Projects

Core research programs in leading edge methodology for streamlined organic synthesis of complex molecules are being developed in the following areas: 

• Development of novel heterogeneous reagents and catalysts: A variety of polymer-based reagents and "scavenger" resins have been devised to facilitate parallel solution-phase synthesis.   In addition to developing novel, second-generation bound reagents and scavengers, new heterogeneous reagents utilizing other medias (e.g. silica, silicates, and other biomineral supports) will be developed and investigated for use in multistep synthesis, either using batch or column (flow) formats.  Approaches utilizing “mixed-beds” of heterogenized reagents and catalysts in multistep syntheses will be emphasized, along with one-pot multistep reaction sequences. 

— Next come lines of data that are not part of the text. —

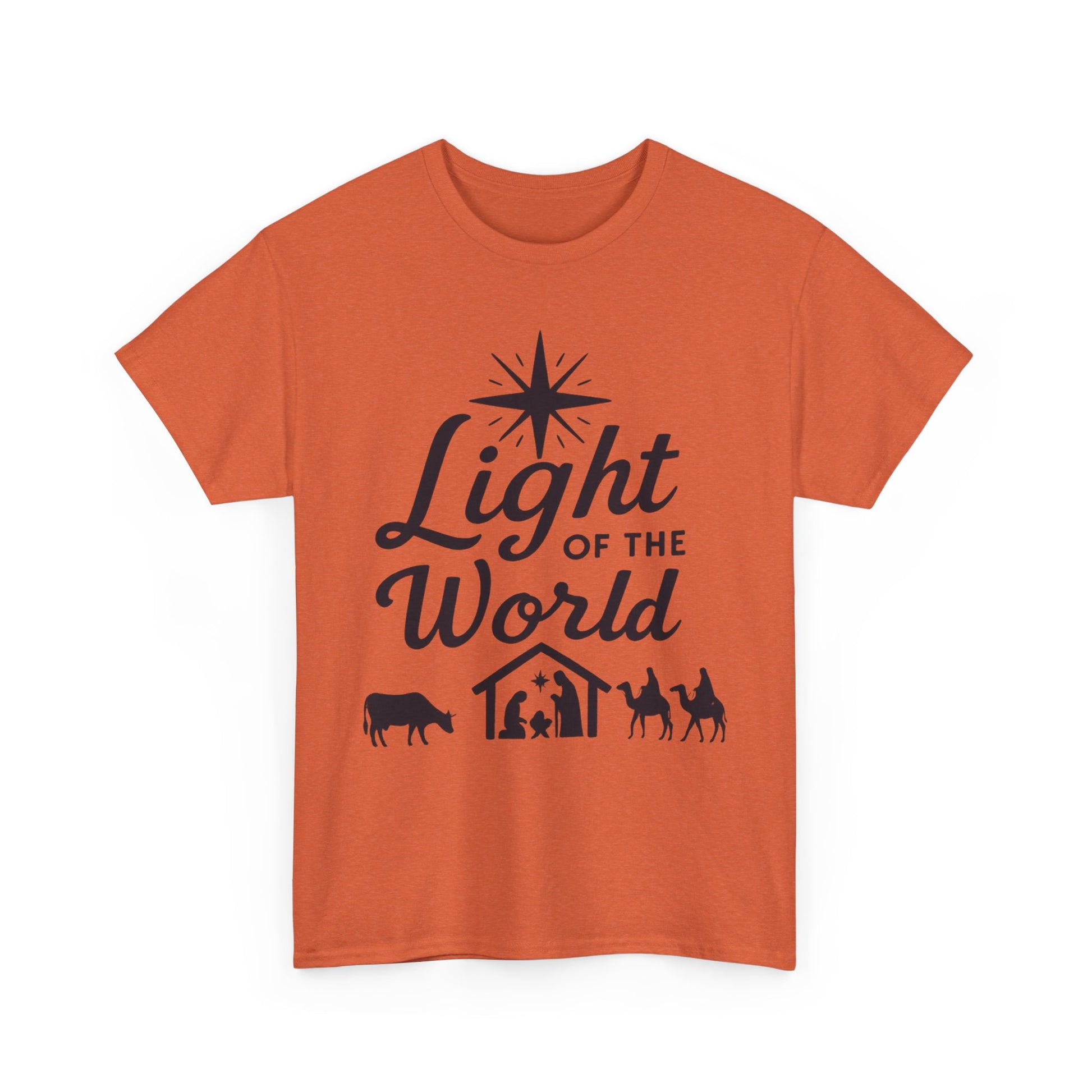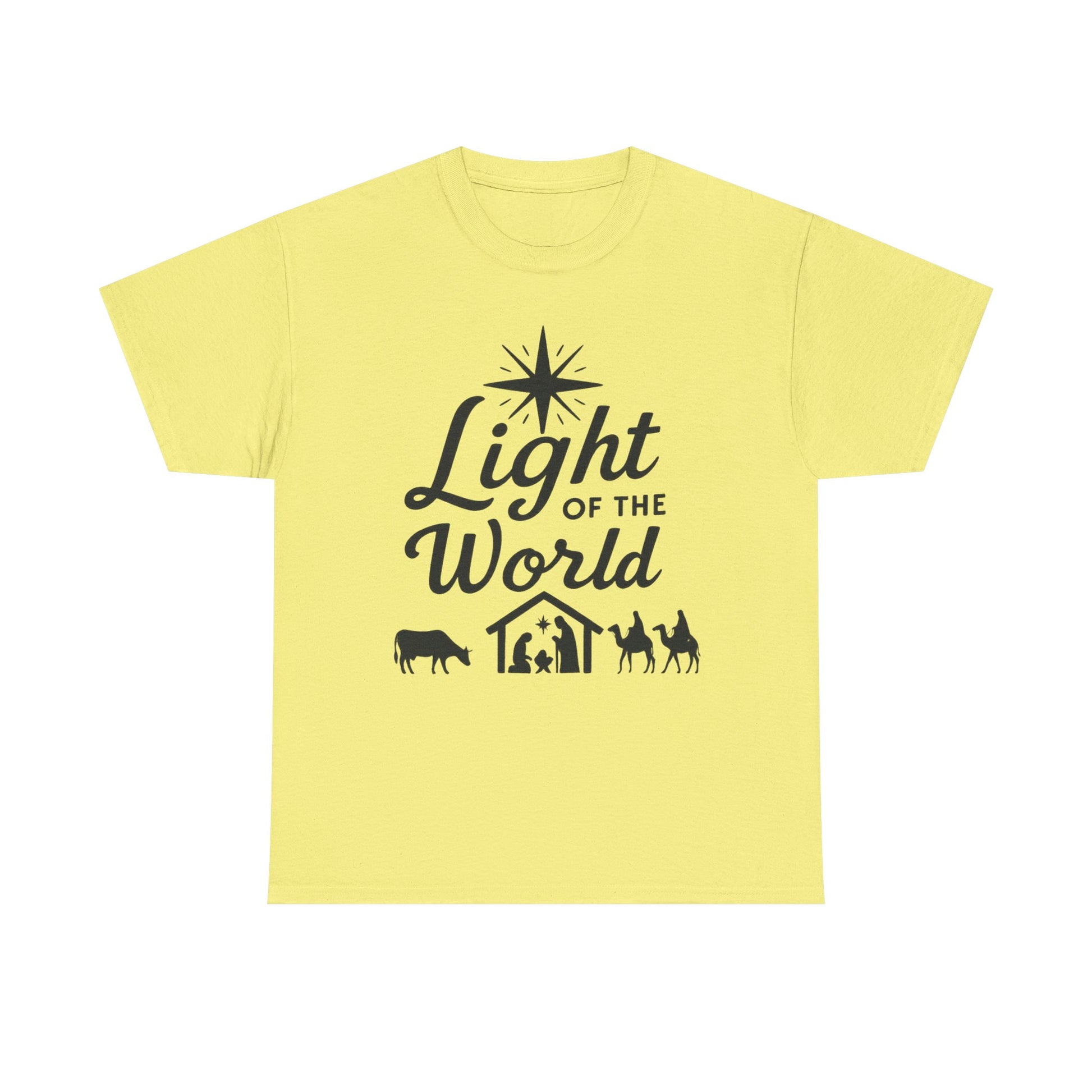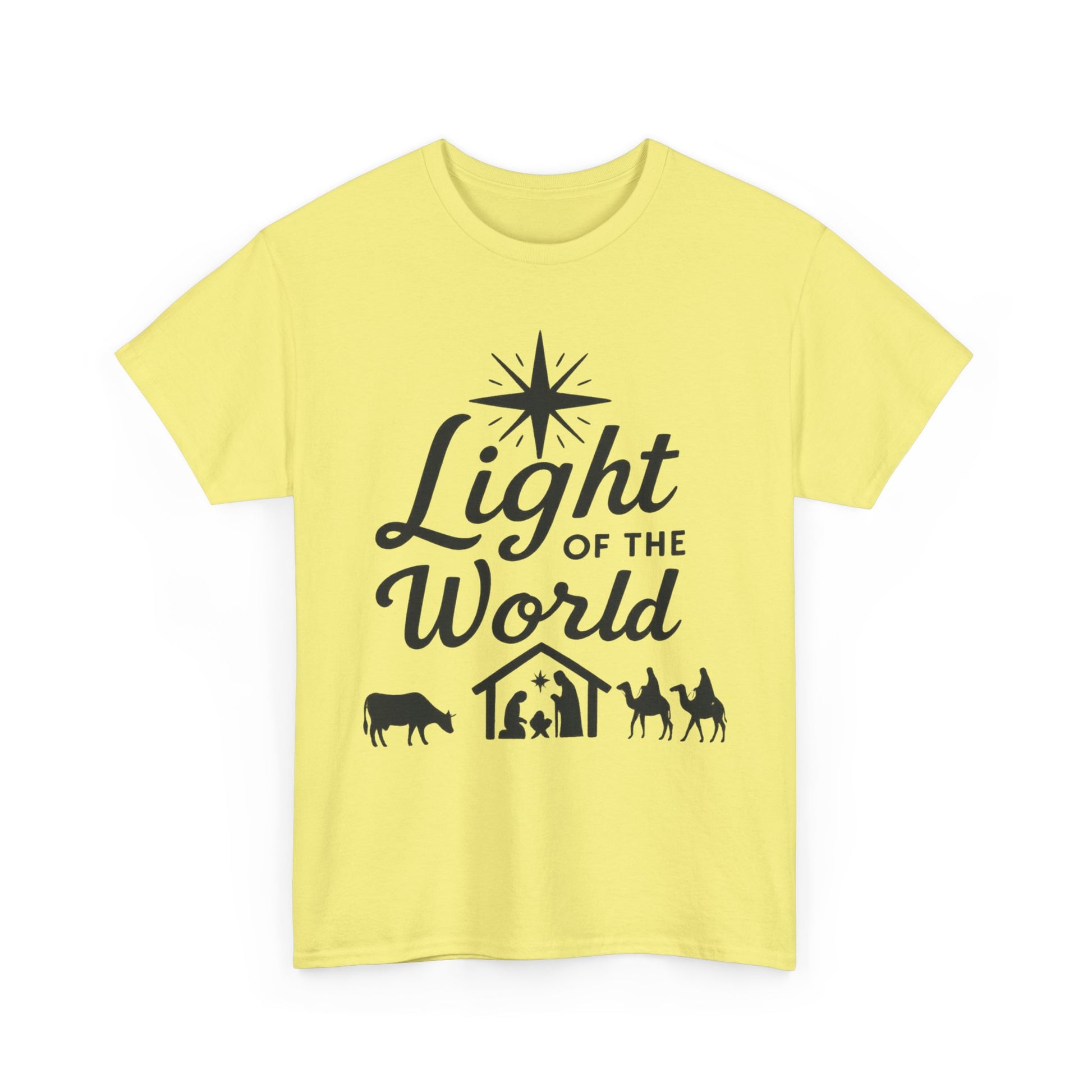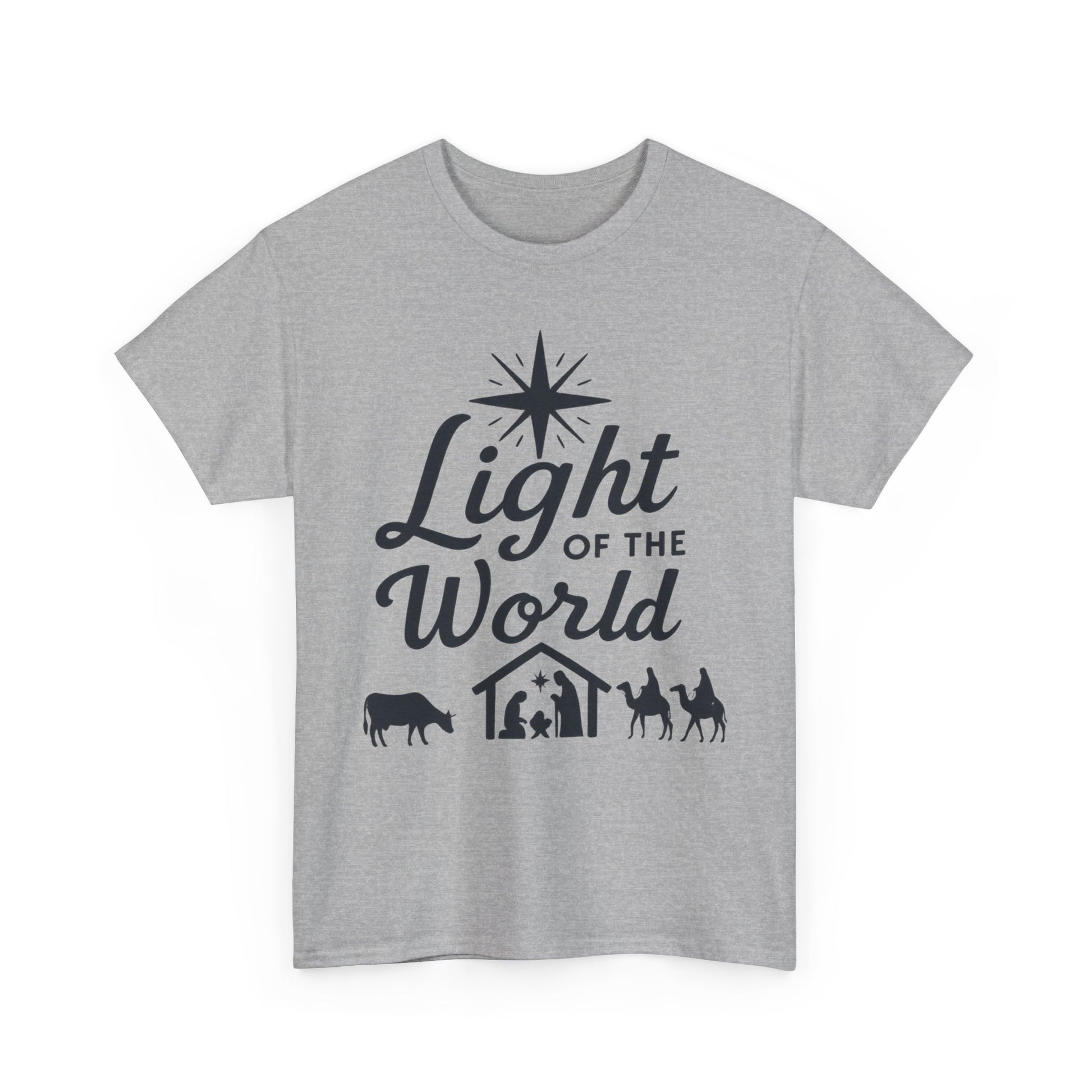 Light of the World - Dark version T-Shirt: Featuring the message 'Light of the World' in black ink above an image of the nativity, this T-Shirt gives off a classic and meaningful vibe. Perfect for those looking to celebrate the holiday season with a touch of faith and style.
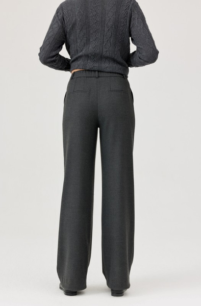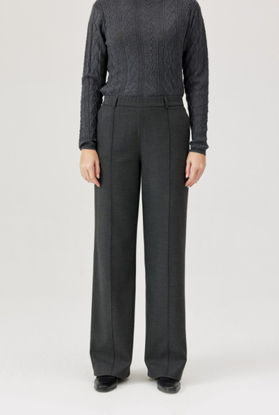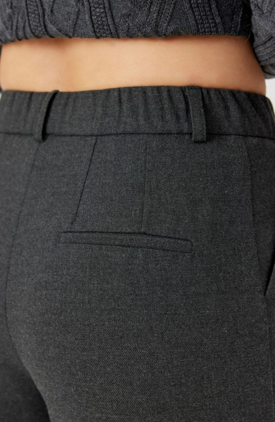Spodnie FÉRIA z elastycznym pasem – klasyka w nowoczesnym wydaniu. Eleganckie spodnie o prostym kroju, wykonane z gładkiej tkaniny w odcieniu grafitowej szarości. Model z wygodną, elastyczną talią i delikatnymi zakładkami z przodu zapewnia komfort noszenia i swobodę ruchów. Prosta nogawka optycznie wydłuża sylwetkę, a uniwersalny fason sprawdzi się zarówno w stylizacjach biurowych, jak i casualowych. Idealne w duecie z marynarką, klasyczną koszulą lub swetrem typu oversize.
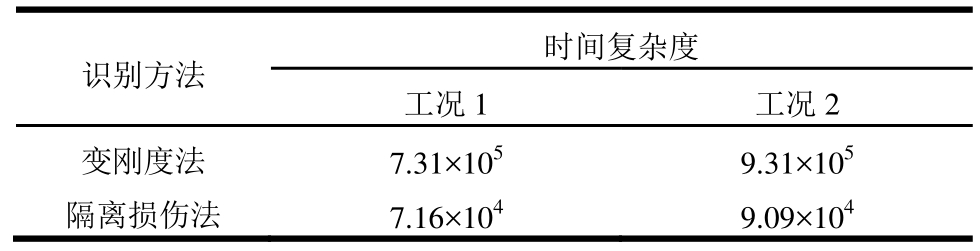 识别方法 时间复杂度 工况1 工况2变刚度法 7.31×1059.31×105隔离损伤法 7.16×1049.09×104
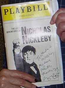 Marty and Wendy have just celebrated their 40th anniversary this year. After the performance of What You Will, they wait outside the theatre to meet Roger. They ask him to autograph their original Playbill from Nicholas Nickleby. Roger borrows a pen from Mrs. LanceAround and, in a poignant gesture, insists on personalizing their playbill:
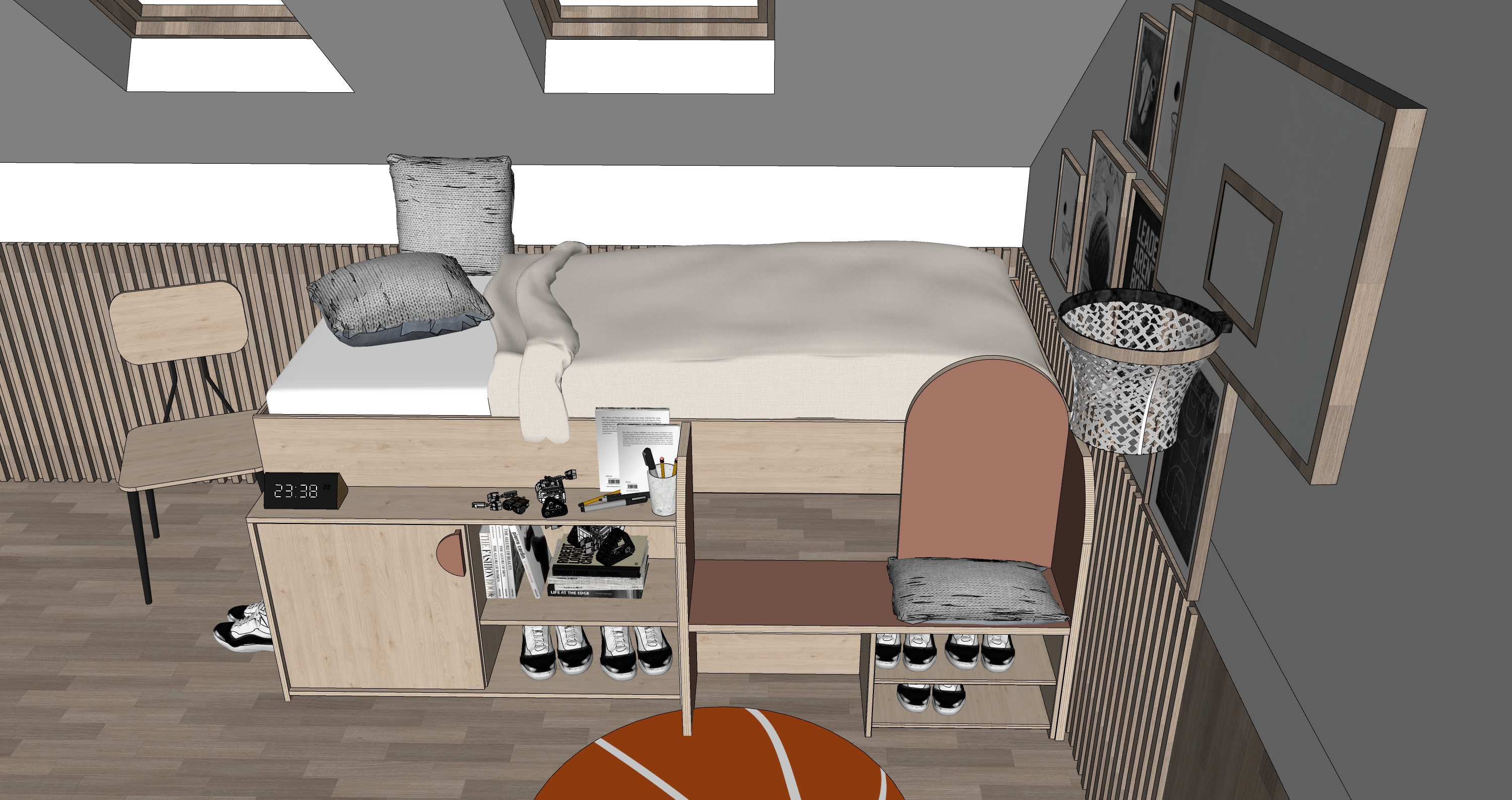 chambre enfant avec 2 lit bois clair et terracota satin sur le th me du basquette ball moderne et minimaliste ambiance chaleureuse et naturelle peu de contraste entre ombre et lumi re sol en parquet clair motif chevrons type terrain de basket mur du fond d cor de panneaux verticaux en bois clair la partie haute et plafond sont blanc et le bas des murs sont avec des lattes bois deux velux ouvert au plafond diffuse de la lumi re chaude style scandinave japandi palette de couleurs neutres beige bois clair terracotta une bande led tout le long de la d marcation bois des murs literie avec drap et couettes r aliste coussin poss dant une texture laine boucl textur tableau en arri re plans rendre plus r aliste avec des effets de vitre ballon de basket orange et noir photographie ultra r aliste textures tr s d taill es clairage naturel cin matographique ajoute profondeur de champ r aliste quilibre parfait des couleurs qualit 4k ultra hd rendu architectural professionnel

• Development of Novel Affinity-Tagged Reagents:   In many cases, it is desirable to develop reagents or reactants which may be selectively removed from reaction mixtures by simple filtration using highly chemoselective affinity media.  Several projects are being initiated to develop such strategies where compounds are "tagged" with orthogonal affinity handles, allowing facile sequestration from reaction mixtures by simple filtration.  Such reagents allow one to carry out reactions using soluble, small molecule reagents, and rapidly purify intermediates and products. 

• New methods for Streamlined Asymmetric Synthesis:  A major methodology gap exists currently in the development of parallel, single-isomer chiral synthesis methods.  A core project of the CSS will be to develop chiral synthesis transformations utilizing solid supports in the synthesis single isomer compounds.  A significant emphasis will be placed on the development of strategies wherein the initial resin loading step is a highly enantioselective transformation.  In addition, the development of catalysts and reagents for the rapid, parallel synthesis of enantio-enriched compounds in solution phase will be investigated. 

• Convergent Combinatorial Synthesis of Complex Molecules:   The majority of  parallel synthesis strategies that are being performed currently utilize linear synthesis sequences.  Historically, convergent routes have been utilized in natural products synthesis to prepare complex molecules due to yield advantages and ready modification of problematic fragments.  A major impetus for the development of novel streamlined synthesis approaches and reagents will be their application in the convergent synthesis of complex natural-product like molecules. We will develop highly convergent fragment coupling reactions to permit parallel synthesis of complex molecules such as polyketides and related structures.  Fundamental issues such as the development of efficient protecting group strategies will also be addressed. 

• Streamlined Approaches to Heterocyclic Chemistry:  New and fundamental transition metal-mediated approaches to the synthesis of heterocycles are being developed which will form the basis for a number of CSS projects.  Many of these approaches rely on coupling reactions involving multiple polymer systems.